Its core thesis is that, embedded within the responses of single neurons, there exists a smaller set of ‘computationally meaningful’ signals. By identifying and studying these signals, we can form rigorous hypotheses about the underlying computational processes of the circuit.
One of the things that's so striking is that this framework has allowed us to discover these highly labile and flexible subspaces. These signals are computationally meaningful and give us enormous insight into what the brain is actually trying to do. We’ve seen this across many diverse tasks and brain areas. We are now trying to understand how these subspaces might allow the brain to do something that you've never done before.

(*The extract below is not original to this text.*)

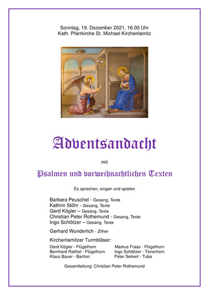 Zu einer „Musikalischen Adventsandacht“ kamen am vierten Adventssonntag ca. 70 Kirchenbesucher in die Pfarrkirche St. Michael nach Kirchenlamitz.
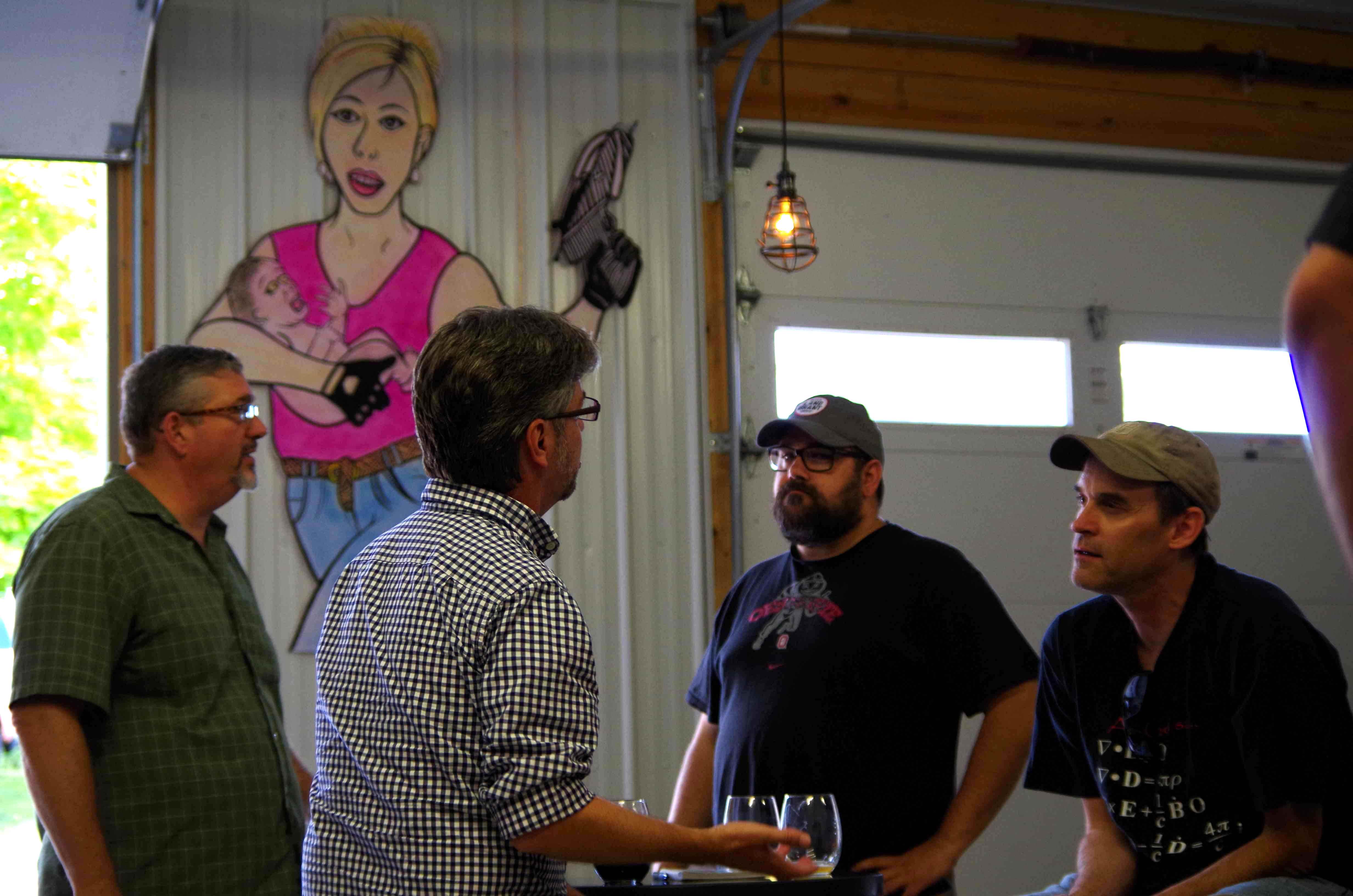 On any other property in Morrow County a building like this would be filled with farm equipment, but not this one. The first things that catch my eye are the shiny stainless steel mash tun, fermenters and brite tanks located smack dab in the center of the building. A newly constructed bar with seats for 9-10 people is located on the end closest to the entrance. Today they are pouring four beers—Crossing Swords, Musk of the Minotaur, South of Eleven, and Thudstaff. A handful of tables made out of empty wooden barrels and ringed by shop stools occupy the area between the bar and the brewing equipment. Large wooden cutouts of the disturbing subversive characters that spring from the mind of evil genius/art director Thom Lessner adorn the walls. The eyes of the phaser wielding, demon baby cradling, femme fatale from Mom Jeans Milk Stout seem to follow us at every turn.

What's the next big question that your work opens up?
I'm particularly interested in studying the more general phenomena of abstraction. This idea by which you take knowledge and you represent it in such a manner that you can reuse it in new situations. Because really, that's what makes you intelligent.
Biography
Saurabh Vyas completed undergraduate training in Biomedical Engineering and Electrical Engineering at Johns Hopkins University in 2012. While working on his MSE in Biomedical Engineering, Saurabh was a research engineer at the Applied Physics Laboratory. Saurabh completed his PhD in Bioengineering at Stanford University in 2020, where he was advised by Prof. Krishna Shenoy. His research was recognized with a NSF Graduate Research Fellowship, and a NIH NINDS NRSA (F31) fellowship. In 2021, Saurabh's thesis was awarded the Donald B. Lindsley Prize by the Society for Neuroscience, which "recognizes a young neuroscientist's outstanding PhD thesis in the general area of behavioral (i.e., systems) neuroscience." Saurabh completed a postdoctoral fellowship at Columbia University in 2025, where he was co-advised by Profs. Mark Churchland and Michael Shadlen. Saurabh's work was recognized by both an NIH NINDS Ruth L. Kirschstein National Research Service Award (F32), and a K99/R00 Pathway to Independence Award. In January 2026, Saurabh joined the Neuroscience Institute at Carnegie Mellon University, where he leads the Laboratory of General Intelligence and Computation (LOGIC).